Your user isn't in the docker group:

sudo usermod -aG docker $USER
newgrp docker

Scenario 3: Socket doesn't exist

The daemon isn't running:

sudo systemctl start docker

Scenario 4: Docker service fails to start

Check logs for the error:

sudo journalctl -u docker.service -n 50 --no-pager

Common issues:

  • Port conflicts (another service using Docker's ports)
  • Configuration errors in /etc/docker/daemon.json
  • Insufficient resources (disk space, memory)

Using sudo as a Temporary Workaround

If you don't want to add your user to the docker group, you can use sudo:

sudo docker ps
sudo docker run hello-world

But this is inconvenient and not recommended for regular use. The docker group approach is better.

Verifying the Fix

After fixing the issue, test Docker:

# List running containers
docker ps

# Run a test container
docker run hello-world

# Check system information
docker info

If these commands work without sudo and without errors, Docker is properly configured.

Security Considerations

Adding a user to the docker group gives them root-equivalent access to the system, because they can:

  • Mount any host directory into a container
  • Run containers with root privileges
  • Access any file on the host system through volume mounts
# Example of why docker group is powerful:
# This gives you a root shell on the host
docker run -v /:/host -it ubuntu chroot /host

Only add trusted users to the docker group.
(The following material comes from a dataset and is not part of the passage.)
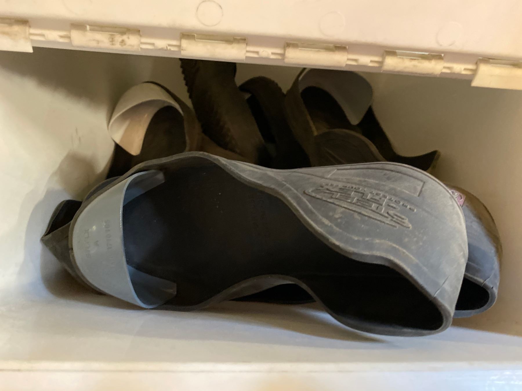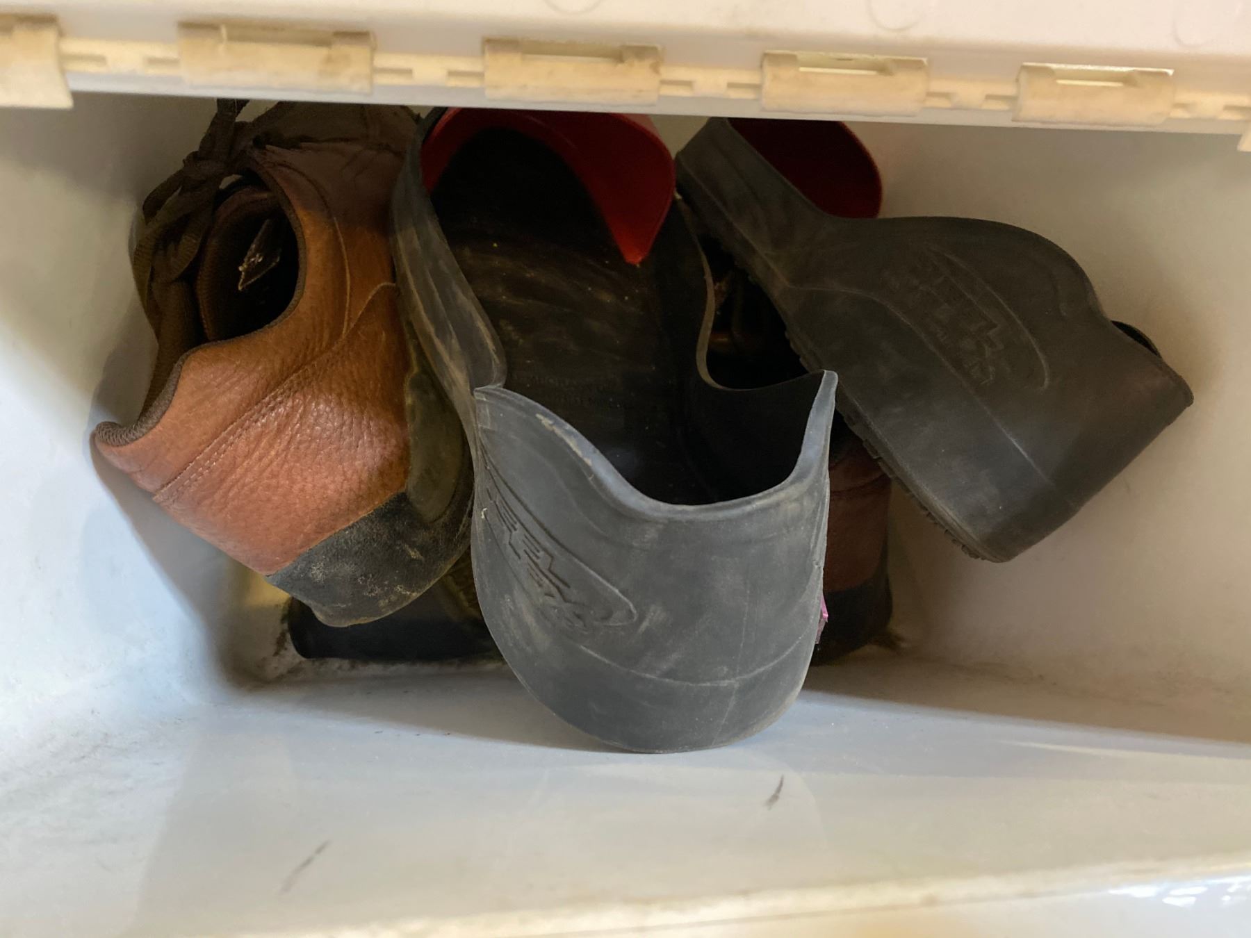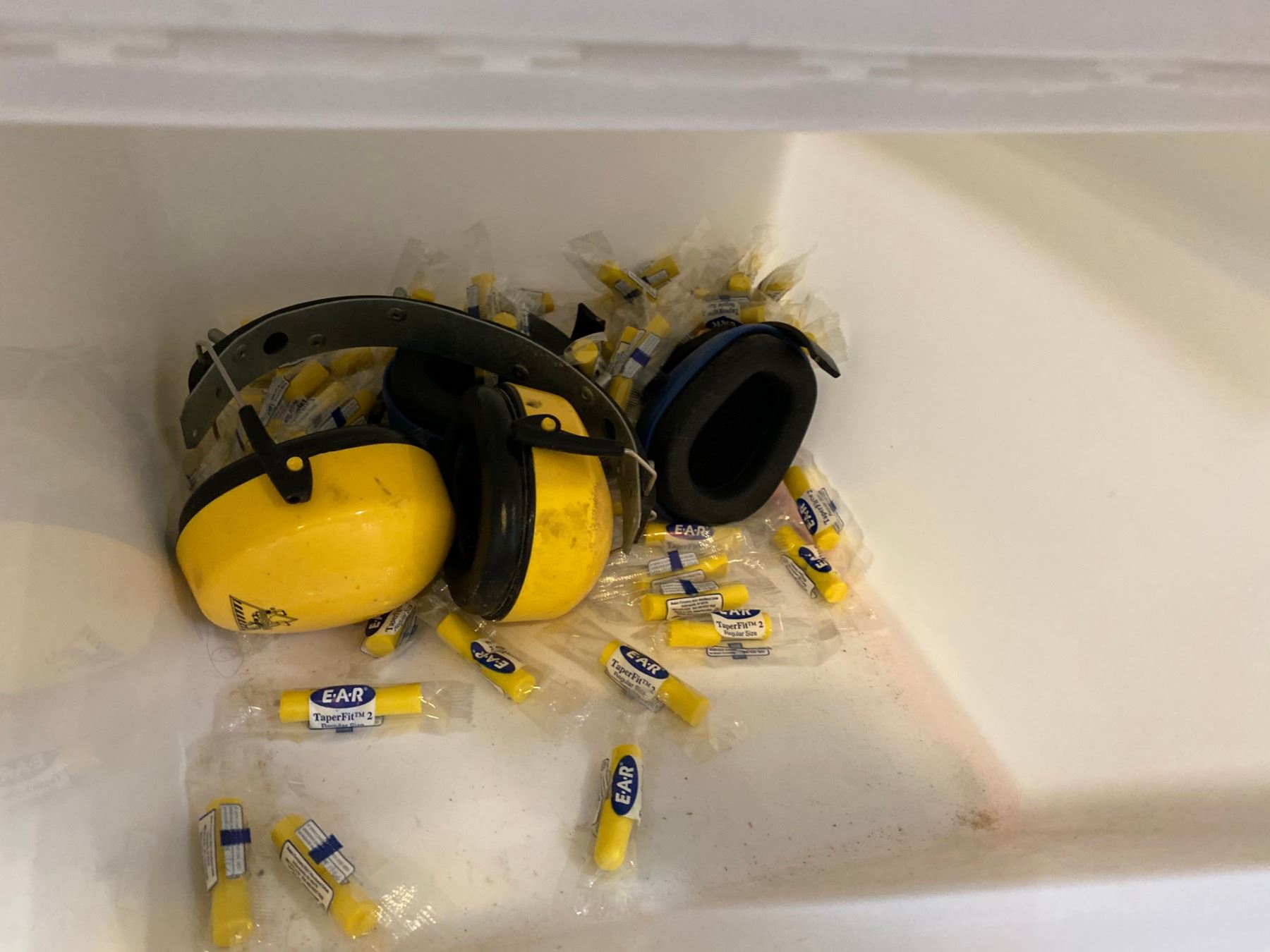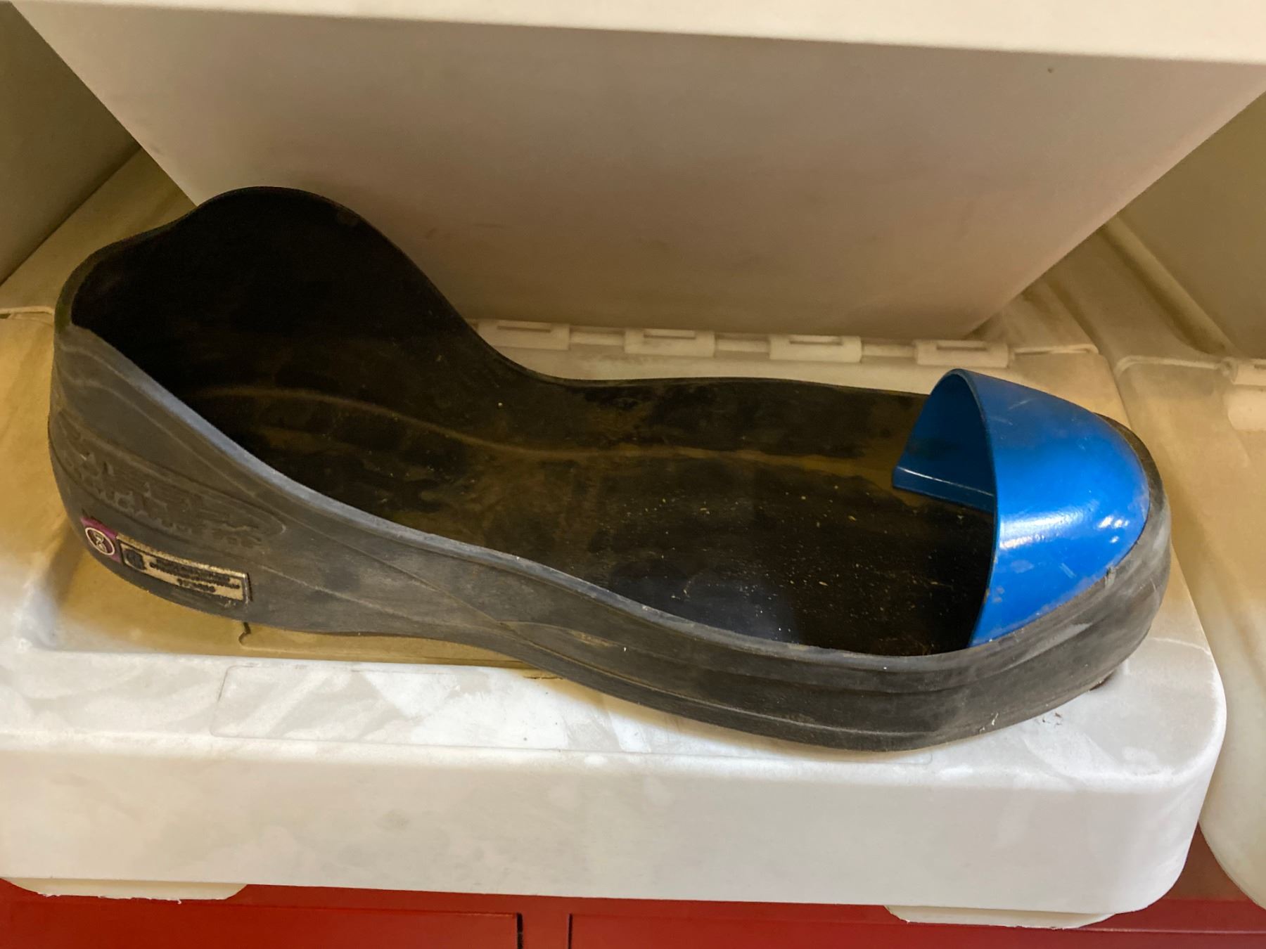 RED SAFETY SUPPLY CABINET AND 6 BINS OF PROTECTIVE EQUIPMENT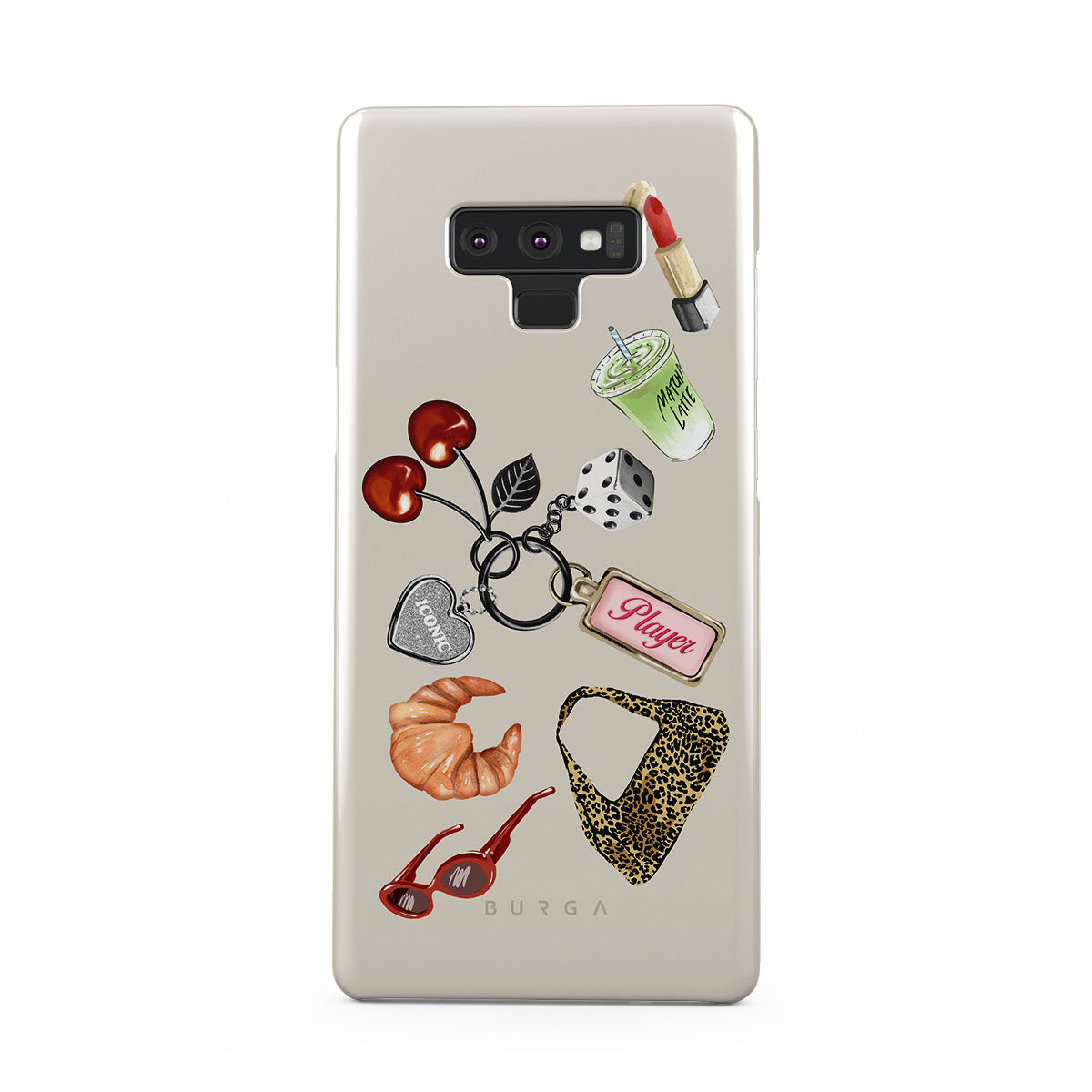 Kenmerken van dit design: rode zonnebril, rode lippenstift, groene matcha-drank, croissant, zwarte dobbelstenen, luipaardprint tas, sleutelhanger met zilveren hart, kersen, dobbelstenen en "Player"-tag.

For production systems, consider:

  • Using Docker in rootless mode
  • Implementing proper authentication and authorization
  • Using tools like Docker Content Trust
  • Auditing Docker commands

Docker in Rootless Mode

For better security, run Docker without root privileges:

# Install rootless Docker
dockerd-rootless-setuptool.sh install

# Use it
systemctl --user start docker

In rootless mode, the socket is at a different location:

/run/user/<uid>/docker.sock

The client automatically uses this socket when configured for rootless mode.

Troubleshooting Checklist

Go through this checklist when encountering the error:

  1. Is Docker installed? Run docker --version
  2. Is the daemon running? Run sudo systemctl status docker (Linux) or check Docker Desktop (macOS/Windows)
  3. Does the socket exist? Run ls -l /var/run/docker.sock
  4. Is your user in the docker group? Run groups and look for docker
  5. Have you logged out and back in after adding to group?
  6. Are there errors in the Docker logs? Run sudo journalctl -u docker.service

When Docker Desktop Is the Issue

On macOS and Windows, Docker Desktop can have specific issues:

Not enough resources:

  • Docker Desktop Settings → Resources → Increase CPU/Memory/Disk

Networking issues:

  • Reset Docker Desktop to factory defaults
  • Check firewall/antivirus isn't blocking Docker

Update issues:

  • Uninstall completely and reinstall the latest version
  • Check Docker Desktop release notes for known issues

Practical Example: First-Time Setup

Here's a complete first-time setup on Ubuntu:

# Install Docker
curl -fsSL https://get.docker.com -o get-docker.sh
sudo sh get-docker.sh

# Start Docker service
sudo systemctl start docker
sudo systemctl enable docker

# Add your user to docker group
sudo usermod -aG docker $USER

# Log out and log back in, or use newgrp
newgrp docker

# Test Docker
docker run hello-world

If you see "Hello from Docker!" you're all set.

The "Cannot connect to the Docker daemon" error is usually either a stopped service or a permissions issue. Start the Docker service with systemctl start docker, add your user to the docker group with usermod -aG docker $USER, log out and back in, and you should be good to go. For Docker Desktop users, just make sure the application is running.